To detect potentially relevant features an extensive exploration was performed, separately for Model 3 (including signals unobserved in laboratory experiments) and the Additional Challenge (based on observed measurements only). The resulting insights suggest the importance of allowing for scale, translation and rotation invariance of potential measures. Hence, PCA based on Fourier transforms of the signals and cell contours is implemented leading to the extraction of several resulting features. In addition, the time series of ratios of cell area to its perimeter is investigated and the label of a model best fitting to this series taken as an explanatory variable. In total 56 and 31 variables are considered for Model 3 and the Additional Challenge, respectively.

 

 

Diana Giurghita

Applying approximate Bayesian computation algorithms to cell migration:

A sequential Monte Carlo approximate Bayesian computation (SMC ABC) algorithm was applied to perform inference in a stochastic differential equations (SDE) model with 10 unknown parameters which describes the behaviour of a cell migrating in response to chemotaxis.
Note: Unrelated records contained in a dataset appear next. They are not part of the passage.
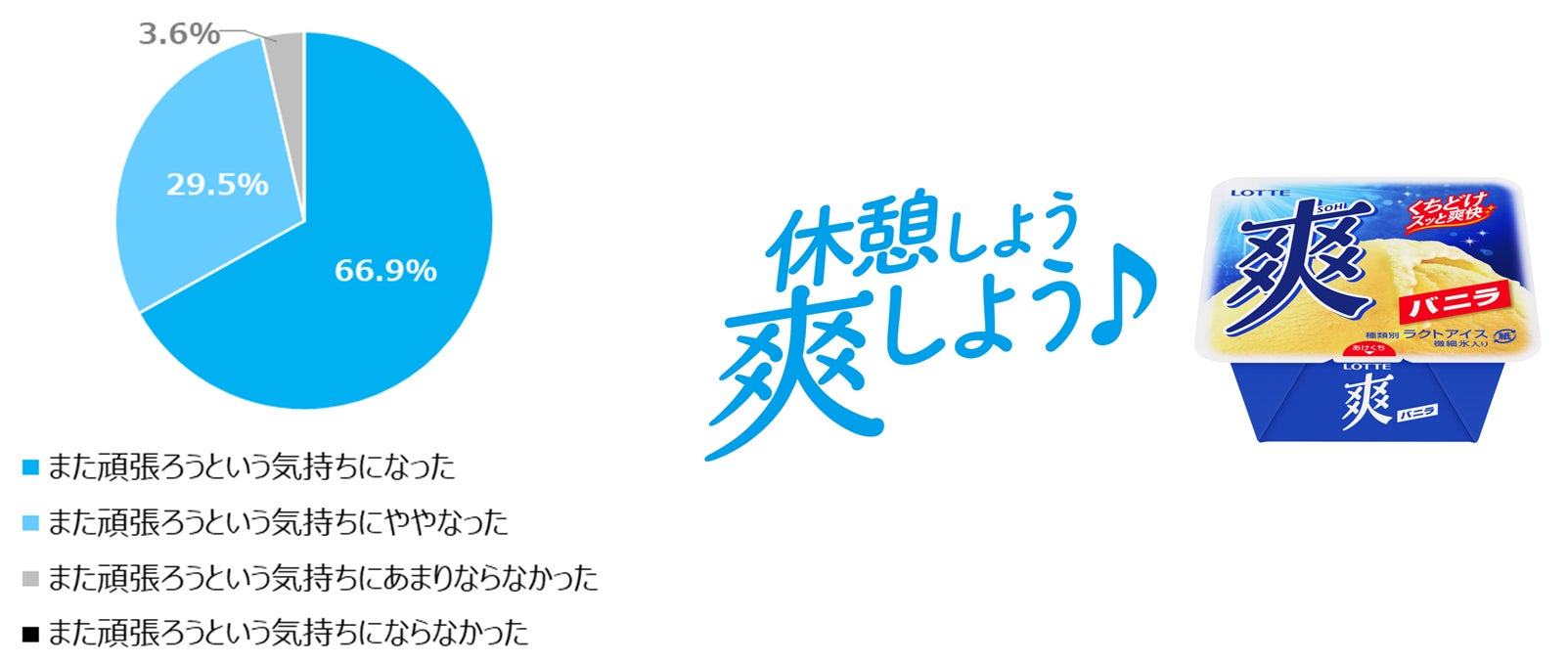 「休憩を取るきっかけになり、とてもよかった。」「気分転換になり、食べた後の集中力が上がった。」 「午後も頑張ろうと気持ちの切替になった。」「アイスを食べてリフレッシュすると作業効率が上がりそうだと思った。」
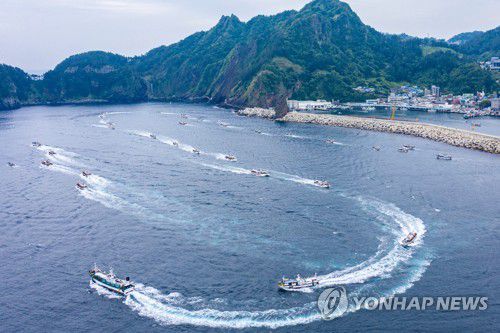 해상시위에 나선 울릉 어민 |
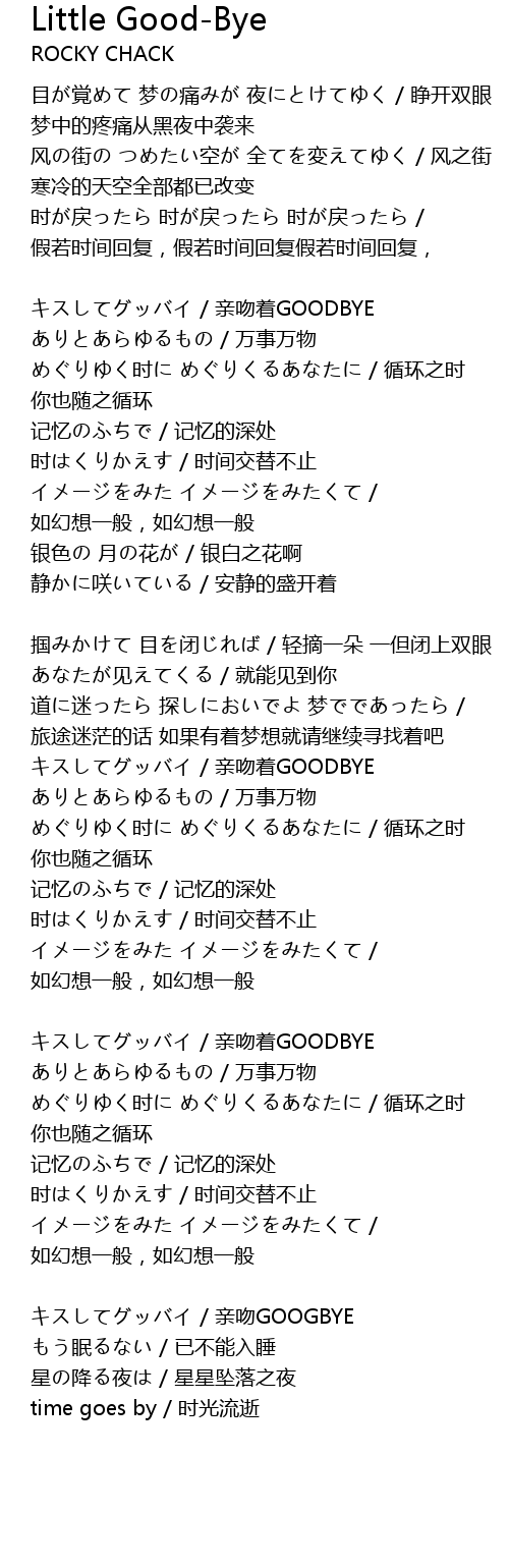 | 目が覚めて 梦の痛みが 夜にとけてゆく / 睁开双眼 梦中的疼痛从黑夜中袭来 | |
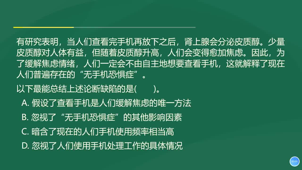 B项:该项提到“无手机恐惧症”的其他影响因素,与论点中的为了缓解焦虑情绪,人们一定会不由自主地想要查看手机无关,不是该论证的缺陷;
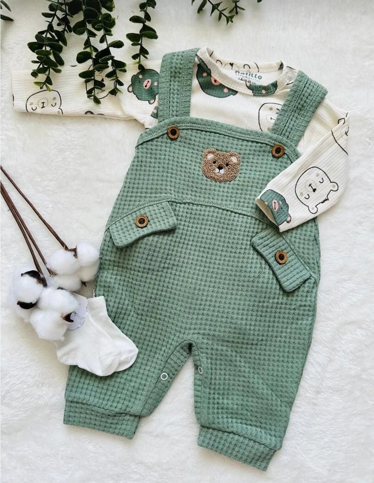 Ayıcık Detaylı %100 Pamuklu Bebek Takımı Yumuşacık dokusu, sevimli ayıcık detayı ve rahat kalıbıyla miniklerin hem şıklığı hem konforu bir arada. Çorap hediyeli Günlük kullanım için ideal, hassas ciltlere uygun Etiketiyle gönderilecektir. Şapkası yoktur. sadece salopet, çıtçıtlı badi ve çoraptan oluşmaktadir.

Following the idea of a semi-automatic ABC developed by Fearnhead & Prangle (2012), the summary statistics for the algorithm is first based on the prediction from a linear model, and the Euclidean distance is employed to link these summary statistics with those calculated on the observed data set. Second, the approach of Fearnhead & Prangle (2012) is extended to allows for a more flexible regression model being a Gaussian process (GP) regression applied to each parameter separately.

The regressors in these models consist of various features extracted from the high dimensional output of the SDE simulator. The lack of alignment between the output points on the membrane over time and time-varying dimensions of the data pose additional difficulties.

Due to the stochastic nature of the model, the features extracted have to be scale, translation and rotation invariant. Hence, PCA based on Fourier transforms of the signals and cell contours is implemented leading to the extraction of several resulting features. In addition, the time series of ratios of cell area to its perimeter is investigated and the label of a model best fitting to this series taken as an explanatory variable. Other features extracted include the ratio between the minimum and maximum "radius" of the cell (with a radius being the distance from the cell's midpoint to a point on a membrane), total distance traveled by the cell's midpoint, and the distance to furthest destination reached by the cell's midpoint.

Since the observed data for the Additional Challenge consists of a cell's membrane coordinates over time, while for Model 3 this contains further signals normally unobserved in laboratory experiments, 31 and 56 features were considered for each of the models, respectively.

Both the linear model and GP regression model were trained on a set of 1000 points generated from a Sobol sequence. Due to unspecified parameter ranges for the problem, the bounds for the space filling design are set to [0.5Θ, 2Θ], where Θ denotes the default parameter value from the Supplementary Notes by Luke Tweedy provided by the Organisers.